Moving on to what's actually happening...

What does this assertion indicate...

In terms of exactly what's happening, the first case is the easy one:

Note I am attempting to cancel the handler after the dispatch source and queue are canceled

A few different things can/will do wrong here:

  • The dispatch source holds a reference to it's action, which it destroys at free. If you wanted to do this, you'd need to us OSSharedPtr to hold a reference to the action.

  • When canceling, the action's cancelation handler is called on the queue which it targets, which is a problem if the queue is already gone.

The second case is a bit hard to guess at:

But, cancelling TimerHandler first also asserts.

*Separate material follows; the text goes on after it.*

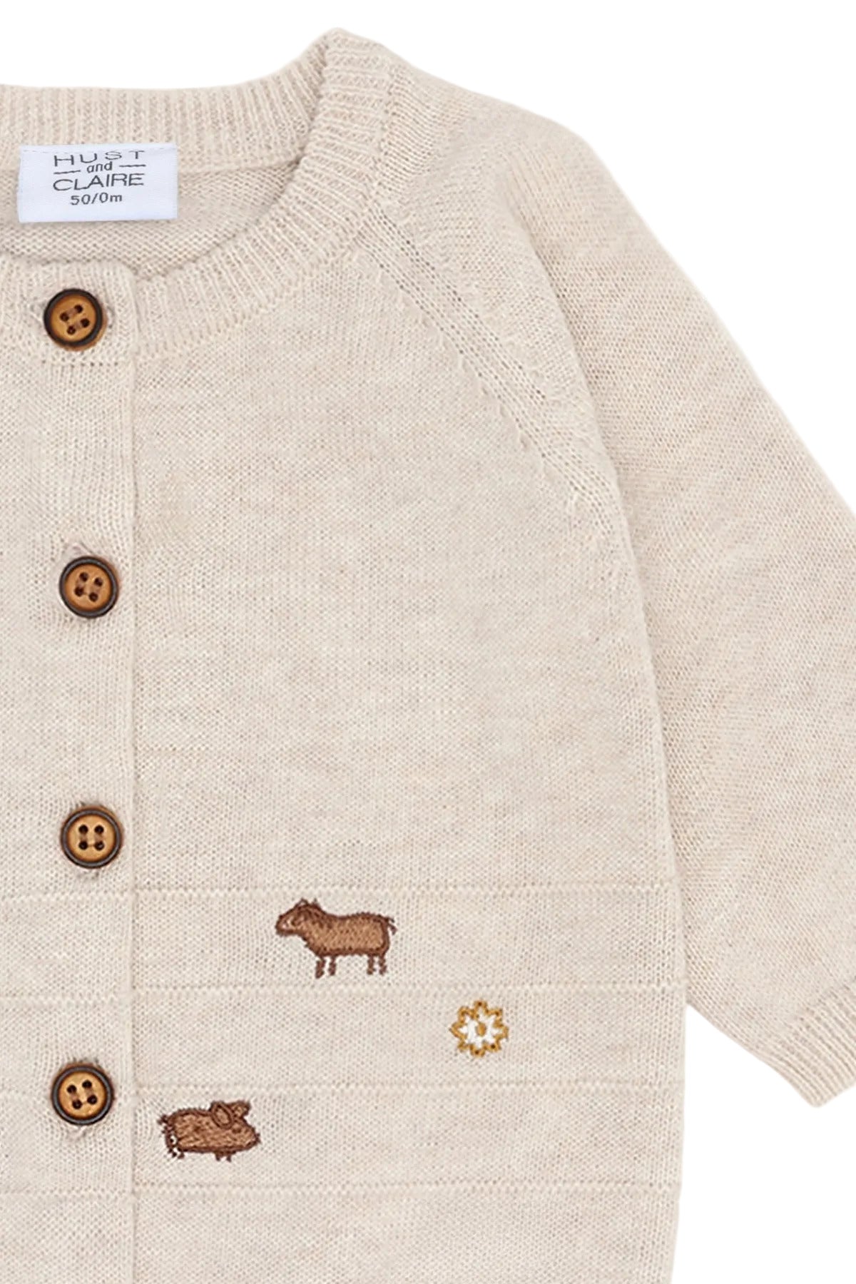 Diese hochwertige Strickjacke von Hust & Claire besticht durch ihre zeitlose Eleganz und praktische Funktionalität. Gefertigt aus reiner Baumwolle, bietet sie optimalen Tragekomfort und Atmungsaktivität für empfindliche Babyhaut. Die liebevollen Bauernhof-Applikationen verleihen dem Stück einen charmanten, verspielten Charakter. Das unisex Design macht die Jacke zur vielseitigen Wahl für Jungen und Mädchen. Perfekt für Übergangsjahreszeiten – eine zuverlässige Grundlage für die Babygarderobe.

...however, there is a hint another hit to both cases here in the header doc:

/*!
* @brief Cancel all callbacks from the action.
* @discussion After cancellation, the action can only be freed. It cannot be reactivated.
* @param handler Handler block to be invoked after any callbacks have completed.
* @return kIOReturnSuccess on success. See IOReturn.h for error codes.
*/
kern_return_t
Cancel(OSActionCancelHandler handler) LOCALONLY;

The keyword there being "from the action". That is, the intention is that this method is how action can be canceled from inside it's own handler, not as generic cancellation method. Note that this solve both of the failure points I mentioned above, since the source and queue both must be fully "functional" for the action to fire at all.

Finally, what you should be doing here, here's what I found from reviewing our own usage of :

  1. A comfortable majority of our code actually used a local variable for the OSAction object, which means they couldn't cancel from this context even if they wanted to. Outside of very specific requirements, this is the approach I'd recommend.

  2. Calling OSAction->Cancel() at all is pretty rare in our code. In the cases I looked at, it was necessary because of complicated architectural issue that I don't think would every really apply to a standard DEXT.

So, the solution here is basically "don't cancel the action". Keep in mind that unless you're doing something "weird", your DEXT process is going to be destroyed shortly after you return from stop. That means your goals here are basically:

  • Don't panic the kernel.

  • Don't leave your hardware in a weird/broken state.

  • Don't crash, since that might compromise your other two goals.

By design, "perfect" resource management is far less critical that it would be in a DEXT. For example, your DEXT cannot "leak" it's own local memory (that will be destroyed at process death) and it shouldn't be able to leak the kernel memory it does have access to (the IOMemoryDescriptor's it has access to should all have kernel owners that can destroy them). Proper resource management is obviously still important, but not in the same way it would be for a KEXT.

__
Kevin Elliott
DTS Engineer, CoreOS/Hardware

Accepted Answer

I can start up the timer and it works just fine. However, in my Stop() method, when trying to shut the timer down, I get an assertion in OSAction::Cancel()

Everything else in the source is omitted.